Taking the Plunge.....Again

Danya (imported)
Articles: 0
Posts: 1971
Joined: Tue Mar 06, 2007 7:28 pm

Posting Rank

Re: Taking the Plunge.....Again

Post by Danya (imported) »

....
plix (imported) wrote: Fri Jan 07, 2011 7:37 am Gone are the days when I believed hormones don't affect me mentally/emotionally. The bad moods have been unpleasant, but the good moods have been great! There have been many times where I have felt simply ecstatic about life. I am hoping to increase these moods by switching to a stable dose of E.

I recall things you wrote here, and directly to me, when you first tried E. Then you stopped E and I was stunned by the difference that made in your writing style. At that time, I told someone here that I missed the 'you' on E. :) In an earlier post on this thread, you wrote something like you were not certain if you were trying to write in a more feminine style back then. You are a very good writer, but I did not think you could pull that off.
plix (imported)
Articles: 0
Posts: 888
Joined: Sat Jul 09, 2005 8:43 pm

Posting Rank

Re: Taking the Plunge.....Again

Post by plix (imported) »

My moodiness has been especially intense lately. The ecstatic moods I mentioned in my previous post rarely make an appearance these days. Depressive episodes have become more intense and last longer.

I am wondering if perhaps I reduced the E dose too much. I am taking 2 mg daily, which based on previous lab work should place my levels around 75 pg/ml. This would be near the trough of a woman's cycle.

There is also the possibility that E itself could be the culprit, and that adding more would make these issues worse. Whether my moods were any better on T could certainly enjoy a good debate, but they were more stable. Some have mentioned in the past that I may need a combination of both E and T, and I also wonder if this may be true. Women tend to have more T than a castrated man.

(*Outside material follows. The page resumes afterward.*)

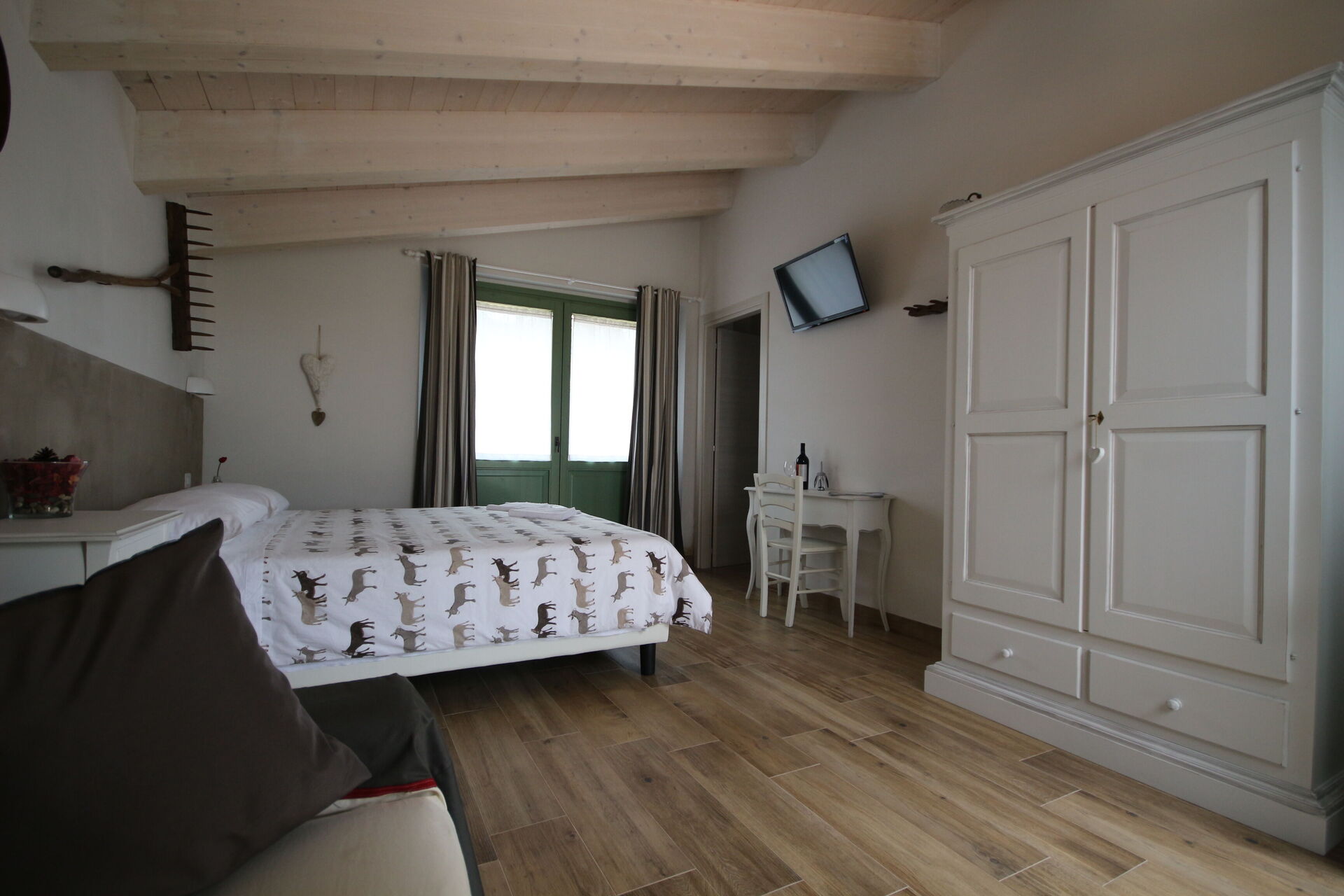Schlafzimmer mit Bad 4: Doppelbett, Etagenbett, WiFi Internet, Klimaanlage, TV, Schreibtisch, Waschbecken, WC, Bidet, Dusche, Fön.

Is it the hormones, winter, the job, the overwhelming financial problems I am burdened with, some combination of these, or something else entirely? Discovering the cause of my troubles is perhaps the most perplexing challenge of all.

Much of my presently pessimistic nature derives from fears over whether I have a future. Goodness knows I am unhappy with my job, but I do not know what to do about it. Obviously I need a source of income to pay the bills. But I do not know what I am supposed to do with the rest of my life. Some people can be content with a job provided it supplies enough money to do what they please in their free time. I, however, need personal fulfillment in a job in order to be happy.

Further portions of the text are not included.